Rural civil parish and hamlet in Cornwall, England

St Ervan is a rural civil parish and hamlet in Cornwall, England, United Kingdom. The hamlet is situated three miles (5 km) southwest of Padstow. St Ervan is named after St Erbyn, the original patron of the church, who is said to have been the father of St Selevan. Notable features in St Ervan are the Anglican church, the village hall and the Nonconformist cemetery. The parish population at the 2011 census was 521. In addition to the hamlet of St Ervan, also called Churchtown, the parish incorporates the hamlets of Penrose and Rumford.

==Church==
The parish church is dedicated to St Hermes and has a very unusual tower which was originally 50 ft high and was built in the 14th/15th centuries. The upper part was brought down by explosives in the 1880s, but it was not properly capped until 1956 and now stands 24 ft high. The church is in the Lann Pydar joint benefice with: St Eval Church, St Mawgan Church and St Columba's Church, St Columb Major. The church was supported by the Arundell family who lived at the manor of Trembleath as early as 1240.

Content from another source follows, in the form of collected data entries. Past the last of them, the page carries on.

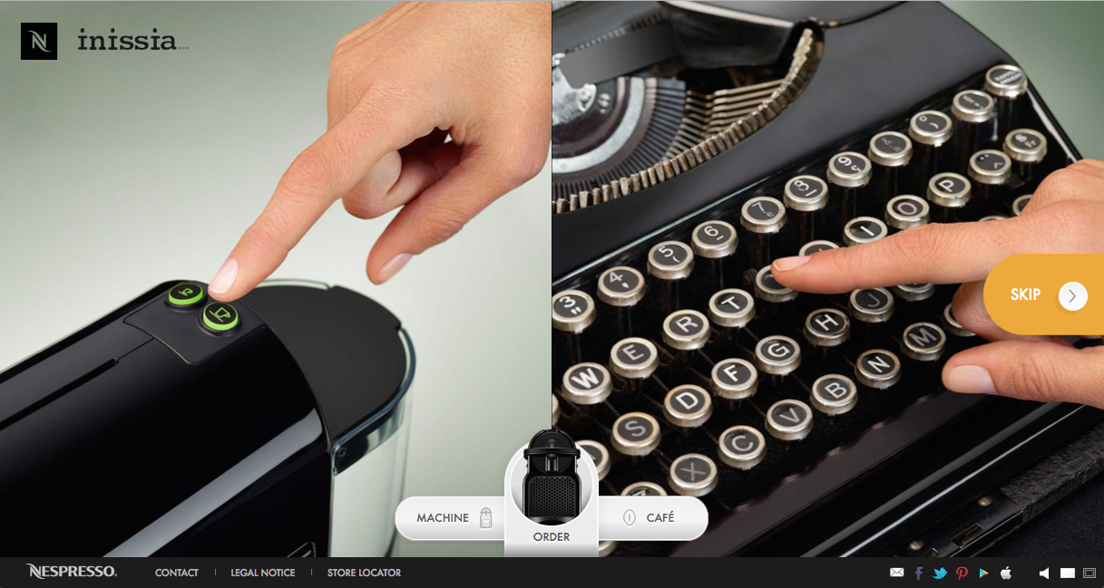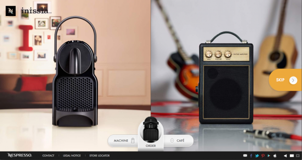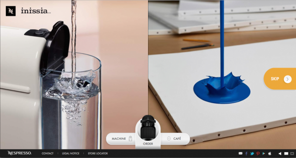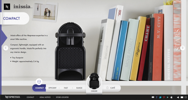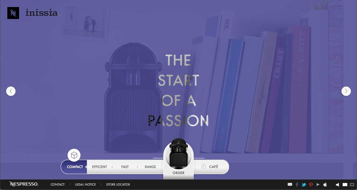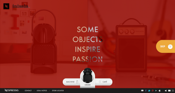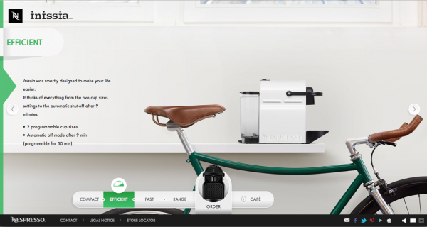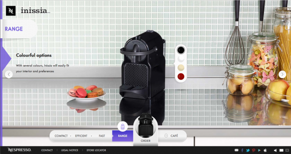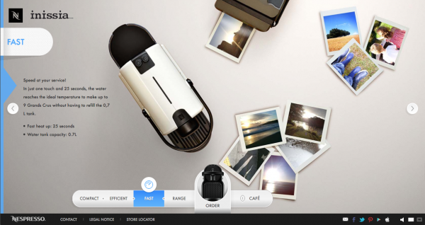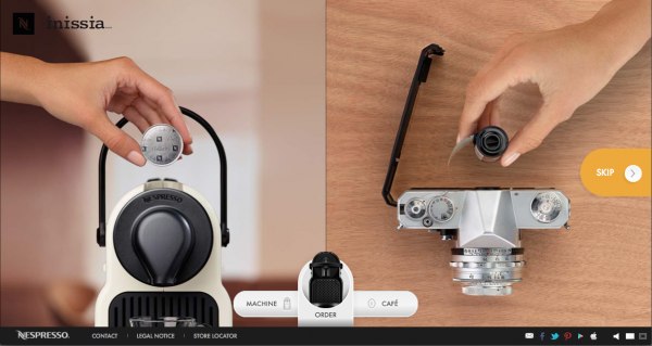 Le site présente les analogies de gestes et de visuels coexistants entre la manipulation d’un objet passion et la préparation d’un café Nespresso avec la machine Inissia.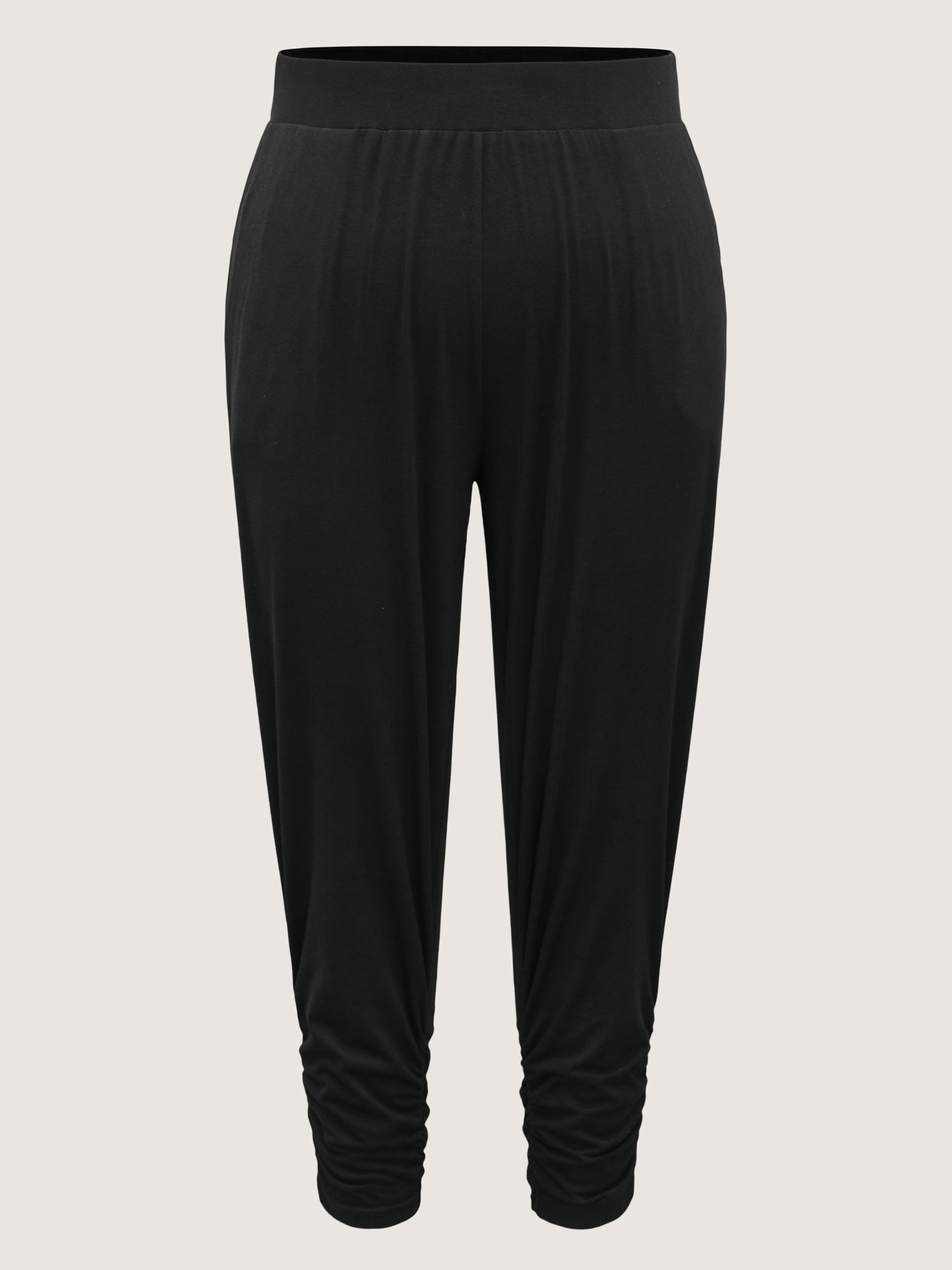 Stretchy Straight-Leg Gathered Hem Pants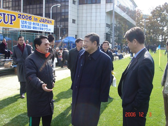 访问期间,焦书记带领代表团来到朝鲜大学校赛场观看我校足球队的比赛,为参赛队员们加油鼓劲。

The English poet, Sir John Betjeman mentioned the church in his poem "Summoned by Bells" (1960), chapter VIII.

===Monuments===
There are several notable slate, wall monuments within the church
- Richard Harvey, d. 1666 and Richard Russell, died 1654.
- William Pomeroye, d. 1622 with figure carved in central panel in contemporary dress.
- Humphrey Arthur, died 1676 with floral decoration around a central inscription panel and another slate to his wife Elizabeth.
- Nicholas and Jane Brewer, d. 1642,
- Richard Hare d. 1610, Richard Louis d. 1688, John Tom d. 1647. In the nave
- Two daughters of Walter Piper, d. 1723 and fragment of slate with carved kneeling figures.
- Richard and Eleanora Vivian who d. in 1708 and 1707.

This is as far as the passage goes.